Needless to say, they run ads against most of these books on Google Book Search. Our competitors, who all rely on Google Adsense for all their revenue run ads against the same books, apparently without incident (although, I suppose, one can hope!). I must therefore conclude, the problem is the Library of Congress Subject Headings, and that it’s a good thing the Sandy Berman-inspired LCSH “Strap-on Sex” hasn’t made it into LibraryThing yet!

A follow-up email triggered another form-letter, including the helpful suggestion to remove content like:

“image or video content containing lewd or provocative poses, strategically covered nudity, see-through or sheer clothing, and close-ups of breasts, butts, or crotches.”

I have accordingly been consulting with Casey on how to remove all the butt-shots from the Yale University MARC records.

I have three days to comply or be terminated. So, what do I do? Clearly I’m not getting anywhere with their response system. And LibraryThing has something like 100-millon pages. Should I start running pages against keyword lists before showing Google Ads?

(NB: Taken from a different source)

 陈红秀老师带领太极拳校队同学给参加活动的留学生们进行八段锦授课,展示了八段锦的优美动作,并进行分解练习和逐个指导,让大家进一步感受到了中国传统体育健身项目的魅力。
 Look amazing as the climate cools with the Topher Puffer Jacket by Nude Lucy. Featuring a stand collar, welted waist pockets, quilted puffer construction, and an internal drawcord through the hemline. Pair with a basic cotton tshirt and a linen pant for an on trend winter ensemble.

That sounds like a big pain, I’ll tell you—and not worth it.

Labels: ads, google, google book search

Friday, June 6th, 2008

Covers from Google: Too good to be true?

I created this cover (well except for van Gogh’s contribution). You may use it!

A few months ago when the Google Book Search API came out, I was among the first notice that GBS covers could be used to deck-out library catalogs (OPACs) with covers, potentially bypassing other providers, like Amazon and Syndetics. I subsequently promoted the idea loudly on a Talis podcast, where a Google representative ducked licensing questions, giving what seemed like tacit approval.

It seemed so great–free covers for all. Unfortunately, it now seems that it was too good to be true. At a minimum, the whole thing is thrown into confusion.

After some delay, Google has now posted–for the first time–a “Terms of Use” for the Google Book Search API (http://code.google.com/apis/books/terms.html). If you’re planning to use GBS data, you should be sure to read it.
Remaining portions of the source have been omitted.